In a new 50,000 word article on the presidential campaigns that will come out tomorrow, Newsweek reports that Gov. Sarah Palin (R-AK) spent far more on clothing than the $150,000 reported last month. According to a preview by Politico’s Mike Allen, “McCain’s top advisers privately fumed at what they regarded as her outrageous profligacy“:
One senior aide said that Nicolle Wallace had told Palin to buy three suits for the convention and hire a stylist. But instead, the vice presidential nominee began buying for herself and her family — clothes and accessories from top stores such as Saks Fifth Avenue and Neiman Marcus. According to two knowledgeable sources, a vast majority of the clothes were bought by a wealthy donor, who was shocked when he got the bill. Palin also used low-level staffers to buy some of the clothes on their credit cards. The McCain campaign found out last week when the aides sought reimbursement. One aide estimated that she spent ‘tens of thousands’ more than the reported $150,000, and that $20,000 to $40,000 went to buy clothes for her husband.

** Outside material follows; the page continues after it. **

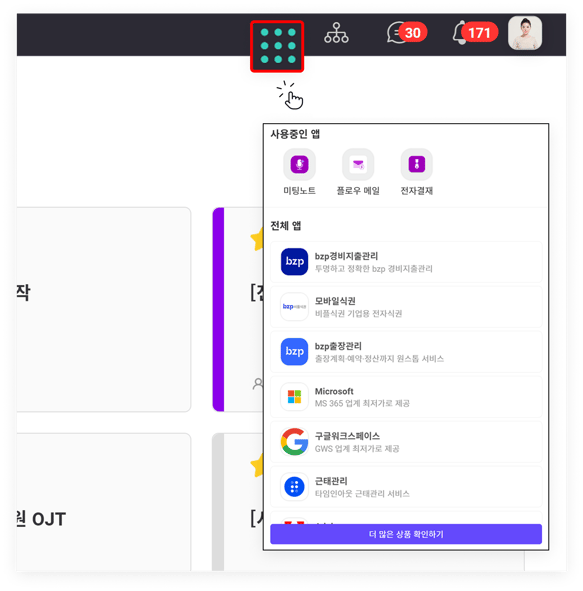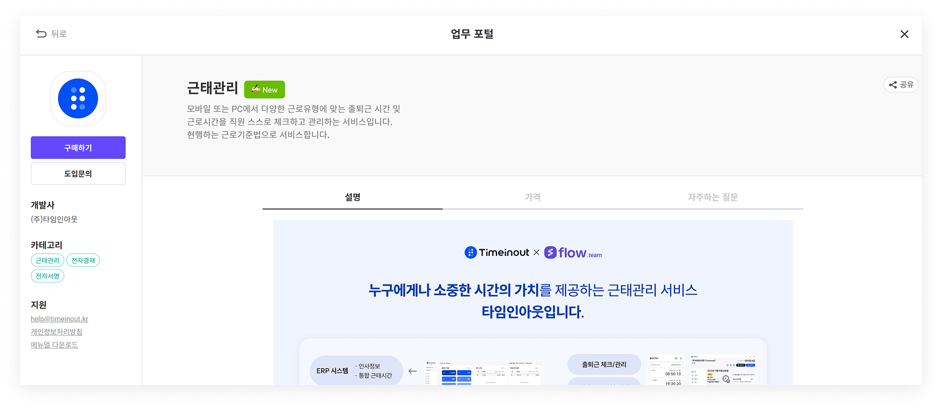 업무 포털에서 부가 서비스 앱 구매 방법(근태 관리, 전자결재 등)

Newsweek reports that McCain “rarely spoke to Palin during the campaign, and aides kept him in the dark about the details of her spending on clothes because they were sure he would be offended.”
Oooh, more!
From Newsweek‘s Special Election Project comes the real Sarah Palin. She met staff members in a towel:
At the GOP convention in St. Paul, Palin was completely unfazed by the boys’ club fraternity she had just joined. One night, Steve Schmidt and Mark Salter went to her hotel room to brief her. After a minute, Palin sailed into the room wearing nothing but a towel, with another on her wet hair. She told them to chat with her laconic husband, Todd. “I’ll be just a minute,” she said.
She raised William Ayers before the campaign signed off on it:
Palin launched her attack on Obama’s association with William Ayers, the former Weather Underground bomber, before the campaign had finalized a plan to raise the issue. McCain’s advisers were working on a strategy that they hoped to unveil the following week, but McCain had not signed off on it, and top adviser Mark Salter was resisting.